As 2020 has been declared Year of the Nurse by the World Health Organization, we would like to take this time to focus on our great nursing staff. They are arguably the most important people in the organization, whether they think so or not. We appreciate the sacrifices they make to take care of us and our loved ones. From working nights and holidays, to being on call and making home visits- they do it all with integrity and courage. They are selfless, caring, innovative, fierce, and much more than we have time to describe. So, nurses, thank you. You do what others cannot, we appreciate you.

With that, BBGH would like to share with you, our community, a little bit more about our nurses; who they are and why they do what they do.

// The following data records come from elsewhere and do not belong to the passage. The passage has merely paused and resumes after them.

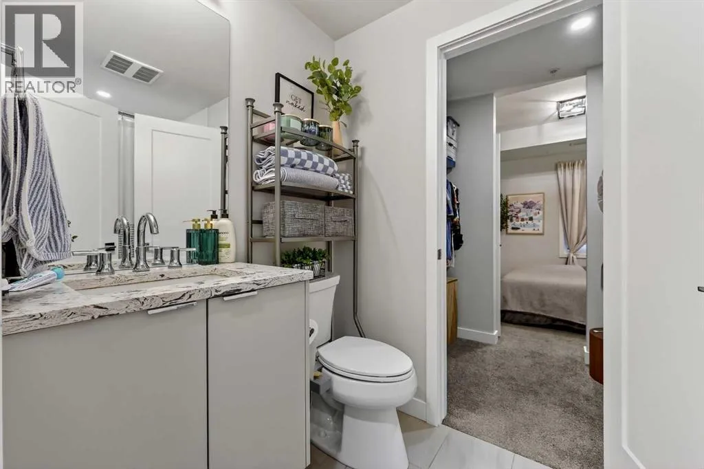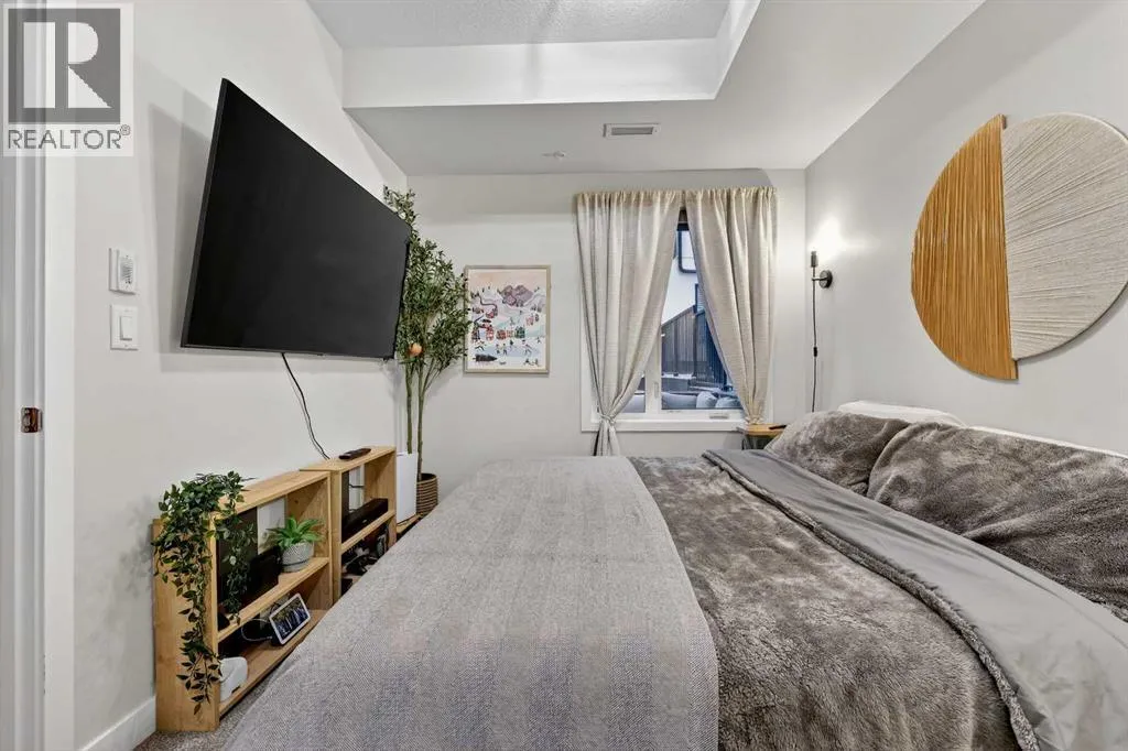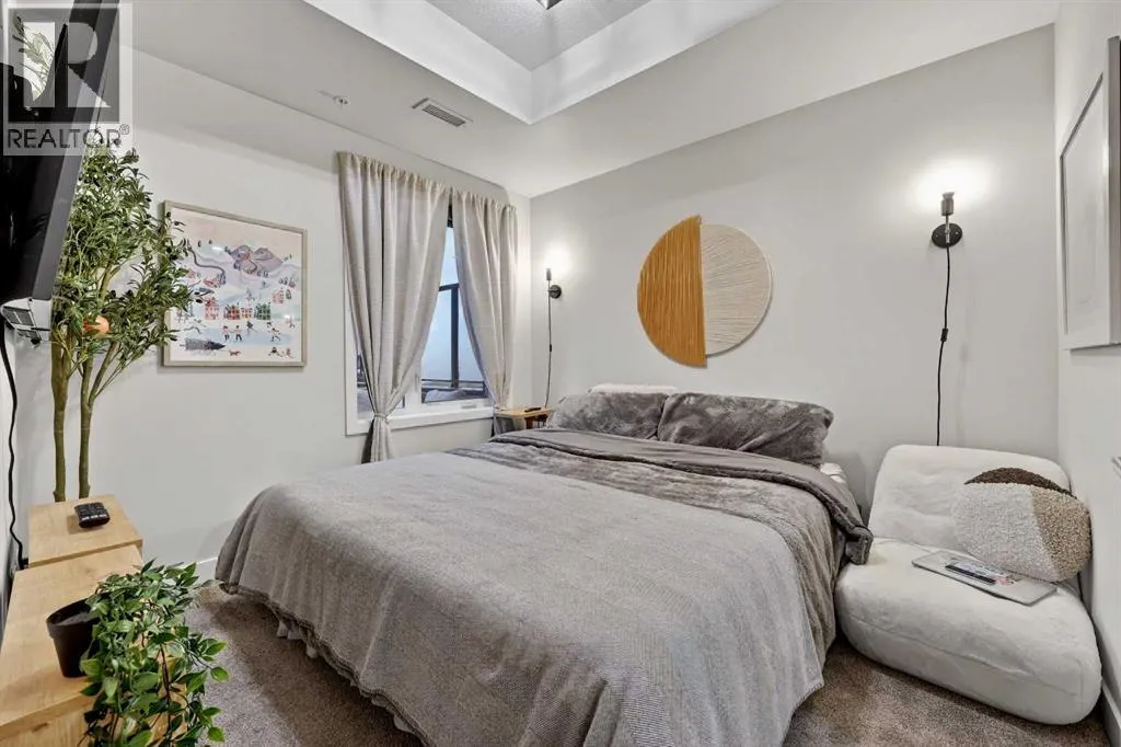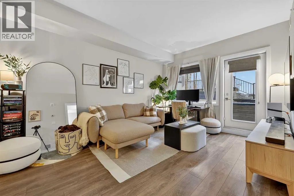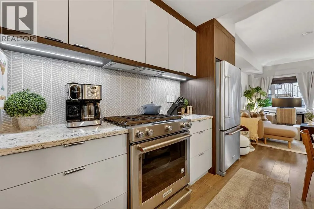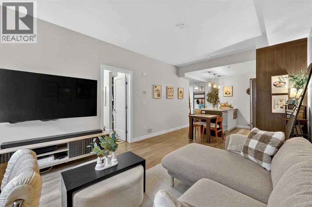 Welcome to COCO, a contemporary residence that defines upscale urban living in the heart of vibrant Marda Loop. Thoughtfully designed with modern sophistication, this air-conditioned one-bedroom home seamlessly blends style, comfort, and everyday functionality. Soaring 9-foot ceilings and sleek laminate flooring enhance the bright, open layout, while the efficient floor plan makes excellent use of every square foot. The kitchen is a true standout, showcasing stainless steel appliances including a gas convection range and concealed slide-out hood fan, complemented by full-height cabinetry, polished quartz countertops, and an extended peninsulaâperfect for casual dining, entertaining, or working from home. The open-concept living area is filled with natural light and flows effortlessly onto a spacious private patio with a gas line, creating an ideal space for summer evenings and outdoor enjoyment. The bedroom offers a calm retreat, complete with a walk-through closet leading to a stylish 4-piece bathroom finished with quartz counters, ceramic tile, and a fully tiled tub/shower surround. Additional highlights include in-suite laundry with a full-size washer and dryer, along with a titled, heated underground parking stall for year-round convenience. COCO is a pet-friendly building designed for modern living, with low condo fees that include heat and water, plus access to impressive amenities such as secure bike storage, guest parking, a rentable guest suite, multi-use resident lounge, indoor dog wash, water bottle refill station, and a beautifully landscaped courtyard. Ideally located just steps from shops, restaurants, cafés, fitness studios, parks, and public transit, this home places you at the center of everything Marda Loop has to offer. With refined finishes, smart design, and an unbeatable location, this exceptional property delivers contemporary city living at its finest. Book your private showing today and experience the COCO lifestyle. (id:27476)
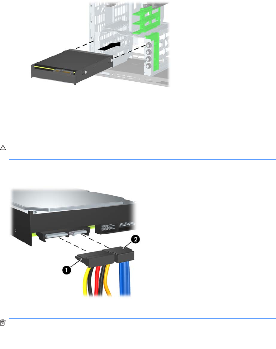 8. Anslut ström (1) - och data (2) kablarna till hårddiskens baksida.
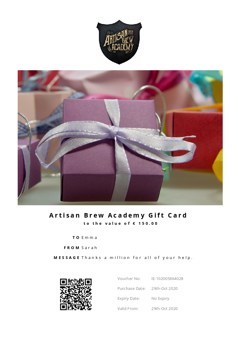 Artisan Brew Academy allows you to purchase instantly printable gift vouchers, special offers and tickets using the Voucher Connect platform.
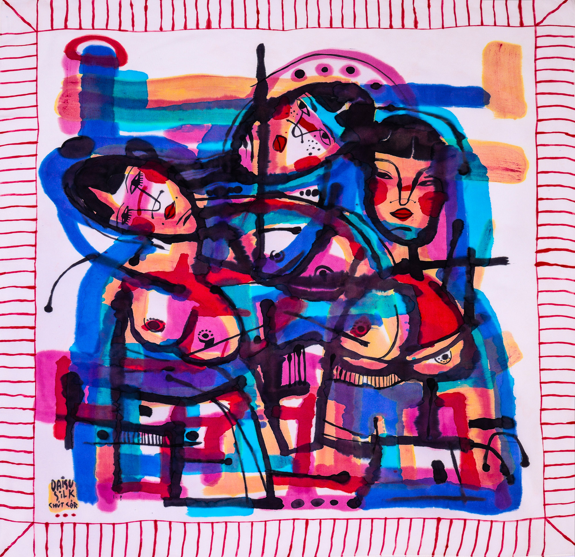 “Ngay tại xưởng chế tác, sau khi vải tơ tằm dệt xong, trải qua các công đoạn kiểm định, nấu chuội làm mềm, khăn sẽ được chuyển sang vẽ tay với những bí kíp màu độc quyền và duy nhất tại Việt nam…”

Meet Mandy Yearling. Mandy was born and raised in Alliance and has always known she wanted to do something in healthcare. She started her college career pursuing Physical Therapy, but decided it wasn’t for her. “It wasn’t until a few more wrong turns I finally got to nursing school,” she said, and added, “I have worked as a clinical nurse all of my career, and have almost always worked for an OB provider. The enjoyment of watching women become mommies and babies become adults has been the greatest gift ever! I love the relationships you develop with patients in the clinical setting, which is why I’ve never desired to go back to school.”  

It’s obvious Mandy enjoys her work and her patients. When she’s not caring for others however, she enjoys spending time with her friends and family, and doing craft projects.

Florence Nightingale, popularly known as the ‘founder of modern nursing’ mentioned in her personal diary in the 1870s, “It will be 150 years to see the kind of nursing I envision.” We hope to continue her vision, 150 years later and 150 years from now. Mandy said, “I feel the continuing advances in technology will not only help nurses do their jobs more efficiently and effectively, but it will benefit in long-term patient care. Over the decades, nurses have evolved into highly specialized, well-respected members of the medical and healthcare teams. Many would even say that they are the true backbone of the healthcare industry. This alone makes me proud to say I am a nurse.”

As 2020 continues, keep your nurses in mind. They have families, hobbies, and feelings just like the rest of us. The main difference is they are courageous enough to do what we cannot, or choose not, to do.